ArchNew commented 6 years ago

I did the validation via valid.py and put the json file generated in the process through the cocoapi. These two gave rather different results. The cocoapi's result is more than 20% lower than valid.py's. Do you have different coordinates system? If so, could you so kindly tell us the conversion formula between your system and cocoapi's? Thanks!

leoxiaobin commented 6 years ago

the system's results are also from cocoapi

ArchNew commented 6 years ago

I know, that's why I'm confused. I use valid.py, the result is: (on my own datasets)
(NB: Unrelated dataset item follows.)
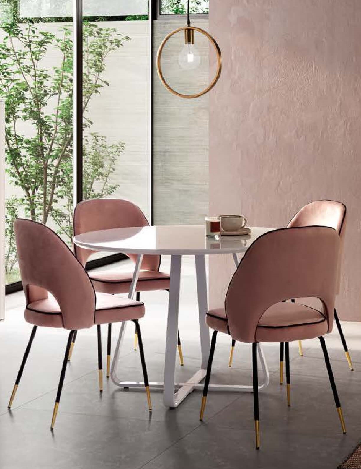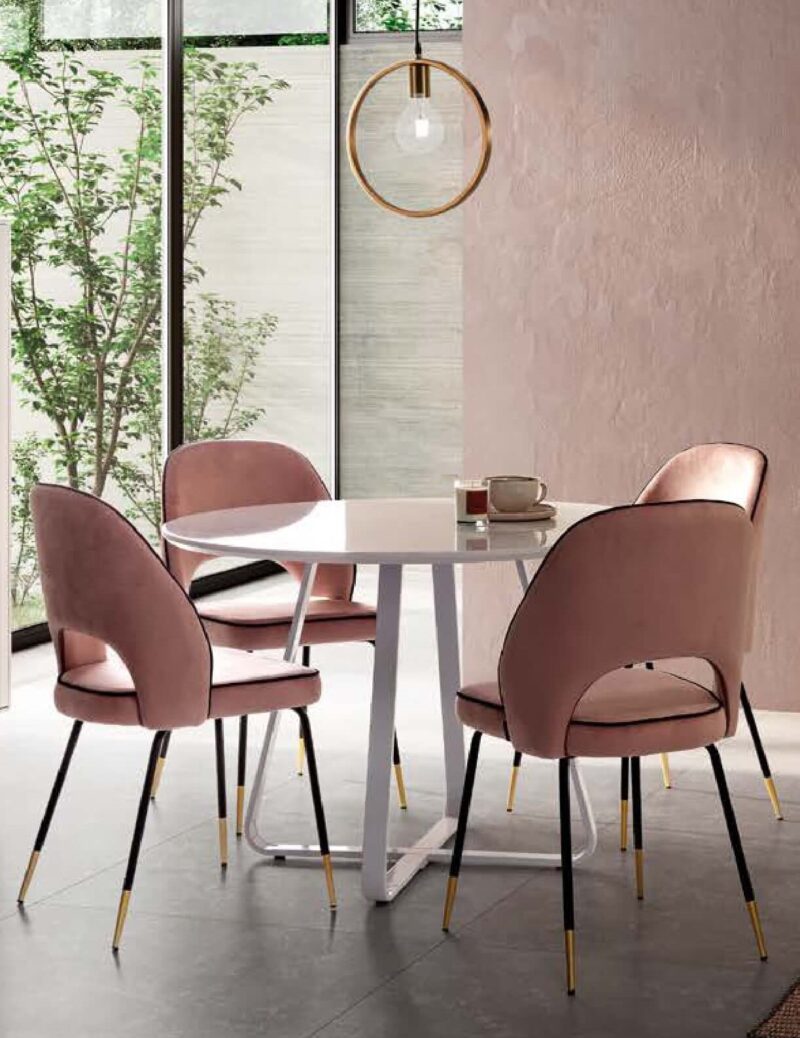 Mesa circular blanco brillo, elegante mesa redonda y diseño moderno.

 Average Precision  (AP) @[ IoU=0.50:0.95 | area=   all | maxDets= 20 ] = 0.687
 Average Precision  (AP) @[ IoU=0.50      | area=   all | maxDets= 20 ] = 0.876
 Average Precision  (AP) @[ IoU=0.75      | area=   all | maxDets= 20 ] = 0.754
 Average Precision  (AP) @[ IoU=0.50:0.95 | area=medium | maxDets= 20 ] = 0.410
 Average Precision  (AP) @[ IoU=0.50:0.95 | area= large | maxDets= 20 ] = 0.725
 Average Recall     (AR) @[ IoU=0.50:0.95 | area=   all | maxDets= 20 ] = 0.714
 Average Recall     (AR) @[ IoU=0.50      | area=   all | maxDets= 20 ] = 0.885
 Average Recall     (AR) @[ IoU=0.75      | area=   all | maxDets= 20 ] = 0.773
 Average Recall     (AR) @[ IoU=0.50:0.95 | area=medium | maxDets= 20 ] = 0.444
 Average Recall     (AR) @[ IoU=0.50:0.95 | area= large | maxDets= 20 ] = 0.753

and I took out the json generated here, put it through cocoapi, the result is:

 Average Precision  (AP) @[ IoU=0.50:0.95 | area=   all | maxDets=100 ] = 0.509
 Average Precision  (AP) @[ IoU=0.50      | area=   all | maxDets=100 ] = 0.914
 Average Precision  (AP) @[ IoU=0.75      | area=   all | maxDets=100 ] = 0.572
 Average Precision  (AP) @[ IoU=0.50:0.95 | area= small | maxDets=100 ] = 0.031
 Average Precision  (AP) @[ IoU=0.50:0.95 | area=medium | maxDets=100 ] = 0.375
 Average Precision  (AP) @[ IoU=0.50:0.95 | area= large | maxDets=100 ] = 0.526
 Average Recall     (AR) @[ IoU=0.50:0.95 | area=   all | maxDets=  1 ] = 0.093
 Average Recall     (AR) @[ IoU=0.50:0.95 | area=   all | maxDets= 10 ] = 0.505
 Average Recall     (AR) @[ IoU=0.50:0.95 | area=   all | maxDets=100 ] = 0.557
 Average Recall     (AR) @[ IoU=0.50:0.95 | area= small | maxDets=100 ] = 0.053
 Average Recall     (AR) @[ IoU=0.50:0.95 | area=medium | maxDets=100 ] = 0.443
 Average Recall     (AR) @[ IoU=0.50:0.95 | area= large | maxDets=100 ] = 0.575

I took a peek at the result, addition to image_id, category_id, keypoints and score, the file also has 'center' and 'scale'. Should I use the 'center' and 'scale' to perform some kind of transformation in order to have the results valid.py gave out? Or it's just the difference between maxDets?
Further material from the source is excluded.